What brought this on was my noticing of some serious job envy going on inside of me the last year or so. This was strange because I actually really liked my job, especially when I was making money writing, which I always thought was what I wanted. But whenever I would come across an artist, or a graphic designer, or an interior designer, or an illustrator, or a photographer, or anyone that did anything related to the visual arts, I would be all like, “I want that!!”

The shitty advice that I listened to came from my art teacher nearly ten years ago, God bless him. I know it was spoken with good intention, but I wish I had been like a typical teenager and not taken anything my superiors said seriously.

I was eighteen, and he had just given me an A+ in his highest level class. I was about to meet with a career counsellor and decide what I was going to do for post secondary. 

“Don’t go to art school Katie.”

Huh?

He elaborated and told me to enroll in something that would make it easier for me to find a job after university.

So what did I do? I majored in English Literature.

Just as useless.

But nevertheless my art teacher (and parents/friends/relatives) approved because at least if I majored in a core subject, I could surely land a job as a teacher, something my art teacher (and parents/friends/relatives) all thought I would be very good at.

I liked the idea of having summers off, but that’s about all that excited me when I envisioned my life ten years down the road standing at the front of a classroom.

I am not belittling our educators – I applaud them. It just wasn’t what was calling me.

It may have taken me a decade, but I feel myself circling back to what was tugging at my heart all those years ago. Art, creativity, paint brushes, colour, writing, texture. 

I wanted a studio, not a desk.  

It took me a decade to get really clear on something important to me. I was red wine drunk sitting on my couch in my condo for one of the last times before it sold. I was with a friend talking about my strange job restlessness when it hit me like a blinding flash of the obvious. I thought I was being really profound so I even typed up my words in my phone and quoted myself.

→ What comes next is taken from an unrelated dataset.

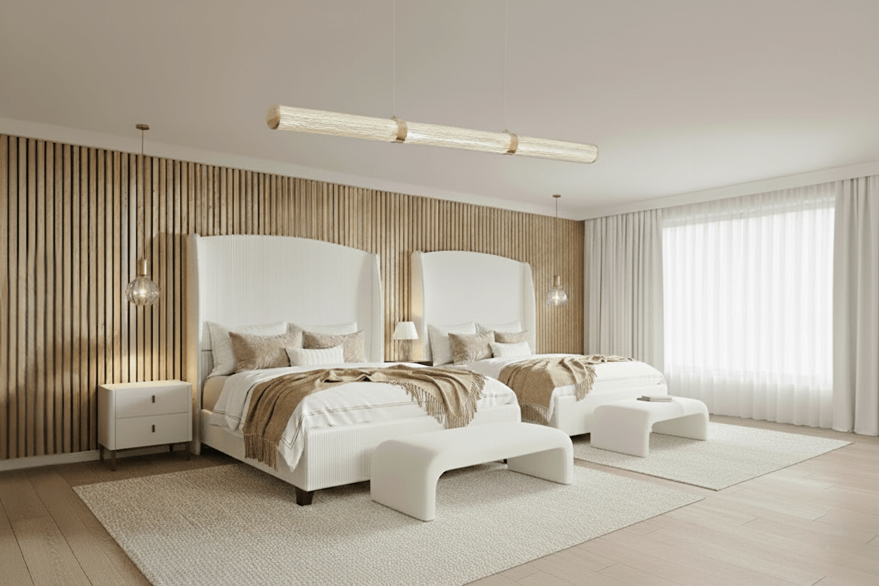 This master bedroom blends soft, neutral elegance with natural warmth. A crisp white leather bed anchors the space, creating a clean, sophisticated focal point, while a wood-paneled accent wall on one side adds depth, texture, and organic charm. The taupe and white palette fosters a serene, calming atmosphere, perfect for rest and relaxation, balancing modern luxury with earthy comfort.

“I don’t want to be the one managing other people’s stuff, or critiquing other people’s work, or writing about other people’s creations. I want to be the one creating the stuff.” – Katie Tetz

I was drunk, and incredibly clear.

It’s a deceptively simple thing to want, and really easy to fall astray from.

Managing people was where the “status” and money was. I couldn’t be satisfied with being a visual merchandiser in retail; that wasn’t good enough. Writing about other people’s companies, creations, and chasing celebrity gossip – that’s where my words could pay the bills. And I couldn’t call myself a writer if I couldn’t pay my bills.

But that’s not what I truly wanted either. 

Which brings me to what spurred this rant – another Real Talk question.

IMG_5949

I’ve read a lot of good this-changed-my-life-books, but my newest favourite is Big Magic by Elizabeth Gilbert. (Eat, Pray, Love lady).

This book is a creative person’s dream.

She’s (almost) totally got me convinced to let go of the external results that can once and awhile come from a person’s creativity. She makes an amazing argument that those results are not the point. I say almost because I guarantee that if I write my book and some big mean critic tells me it’s shit, I’ll be a little upset.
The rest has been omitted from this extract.